Осознание несоотносимости технической стороны традиции мастеров Герата и понимания Богом мира последовательно привело Зейтина к европейской манере рисования. Однако Зейтин испугался того, что он сам о себе узнал, написав автопортрет. Это и заставило его окончательно утвердиться в традиции мастеров Герата, уже зная правду о том, что самая традиция есть не более, чем стиль. Очевидно, что, прикоснувшись к опыту своего существования, Зейтин, по сути, не познал его подлинной цены. Поэтому его утверждение в традиции мастеров Герата — это попытка повернуть время вспять и избавиться от опыта своего существования, словно его и не было. Закономерно, что объяснение своих поступков Зейтин сопровождает титаническими усилиями, направленными на то, чтобы возвратить художников в те времена, когда между ними существовало братство; и это ему почти удается: братья-художники едва ли не рыдают, умиленно вспоминая годы ученичества. Неудивительно, что, вместо того, чтобы поскорее покинуть Стамбул и уйти от преследования, Зейтин идет в мастерскую: он возвращается туда, где некогда он был не одинок. С попыткой обратить время вспять и таким образом преодолеть опыт своего существования связаны и его упования на Индию, в которой, как он уверен, еще жива традиция мастеров Герата. Но все усилия Зейтина оказываются тщетными, и в этом есть неумолимая закономерность.

Конечно, можно посетовать на то, что Зейтин погиб абсолютно случайно; и это бесспорно. Между тем как раз своей случайностью смерть Зейтина и настаивает на непреодолимости опыта существования: человек выпал из общего порядка Божьего мира, поэтому его существование теперь есть только цепь случайных происшествий, способная выявить лишь индивидуальный опыт. Точнее, все события стали ныне для человека случайными — из них невозможно ничего извлечь, кроме опыта своего существования.

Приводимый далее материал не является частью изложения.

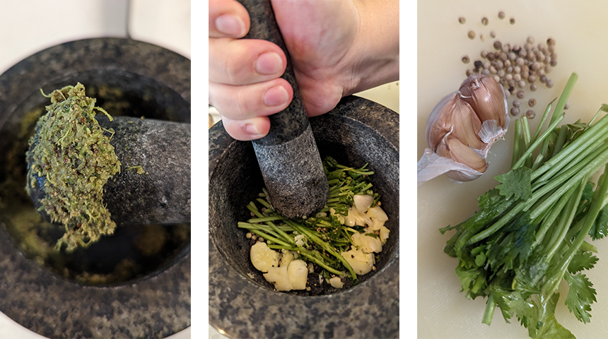 מכינים את המרכיבים עבור המלית – במכתש ועלי מניחים גבעולי כוסברה, שום, פלפל לבן שלם ופלפל שחור שלם. כותשים עד לקבלת משחה אחידה.
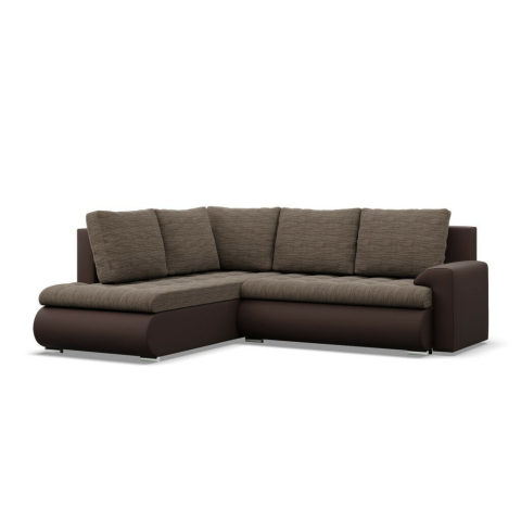 1 kép Greensite Tokio sarokkanapé, L alakú háttámlával, 2 ágyneműtartóval, fonott + műbőr, baloldali, barna
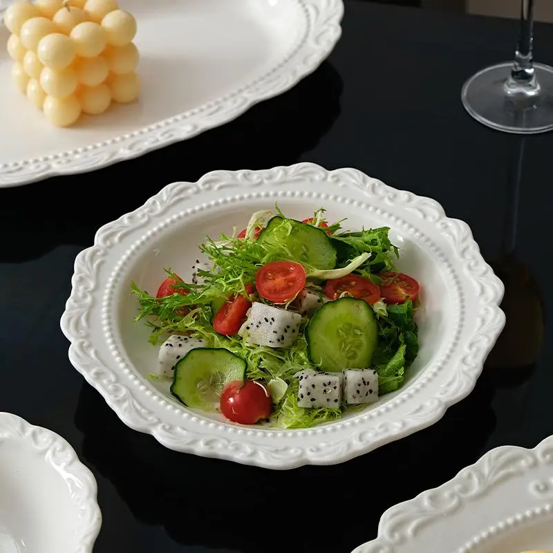 The French Ceramic Relief Dinner Plates offer a perfect blend of elegance and functionality for your dining table. Each plate is crafted from high-quality ceramic with a delicate relief design, adding texture and sophistication to every meal. The underglazed white finish gives the plates a subtle, vintage charm while maintaining durability and ease of cleaning. Ideal for everyday dining or special occasions, these plates are suitable for serving breakfast, lunch, dinner, or desserts. Their classic French aesthetic complements both modern and traditional kitchen décor. The embossed design not only enhances the visual appeal but also provides a tactile, luxurious feel. Lightweight yet sturdy, these plates are comfortable to handle while resisting chipping and wear. Perfect for family meals, dinner parties, or elegant gatherings, they elevate the presentation of any dish. The smooth surface allows for easy maintenance and effortless food release. Their versatile design makes them a thoughtful gift for weddings, housewarmings, or culinary enthusiasts. The timeless combination of white ceramic and intricate relief creates a refined look suitable for any table setting. Durable and stylish, these plates are designed to last while enhancing the aesthetic of your home. Bring French sophistication and exquisite craftsmanship to your dining experience with these vintage ceramic relief plates.

Обнаруживаемое в решении Зейтина противоречие, состоящее в том, что, будучи выбором экзистенциального порядка, оно направлено на преодоление опыта существования, имеет чрезвычайно важное значение для концепции романа. Очевидно, что, ощутив в ходе создания автопортрета свое отчуждение от мира, Зейтин не смог понять, что одиночество являла собой его жизнь — жизнь художника, всегда твердо стоявшего на позициях традиции мастеров Герата. В сущности, самая жизнь Зейтина вопиет о его одиночестве: некогда он волею случая оказался в Стамбуле, городе, который был и остался ему чужим, и так и не обрел семьи.

Однако противоречие выбора Зейтина в пользу традиции мастеров Герата есть особенность его опыта существования, поэтому оно вполне закономерно. Можно утверждать, что и приверженность Зейтина традиции, и определенную индифферентность по отношению к ней его братьев-художников Памук мерит одной мерой — мерой укоренения человека в семье. Зейтин столь настойчиво вспоминает об их совместных годах ученичества отнюдь не потому, что в то время традиция, к которой они в одинаковой степени принадлежали, переживала свой расцвет. Очевидно, что именно причастность традиции мастеров Герата и дала юному Зейтину ощущение пребывания в семье, — в семье, которой он никогда не имел в своей жизни. Памук вполне внятно показывает в «Красном…», что традиция охватывает художника кругом своего рода семейных отношений. Так, следование образцам старых мастеров создавало чувство неразрывной связи детей и отцов, коллективная же работа в мастерской делала художников воистину братьями.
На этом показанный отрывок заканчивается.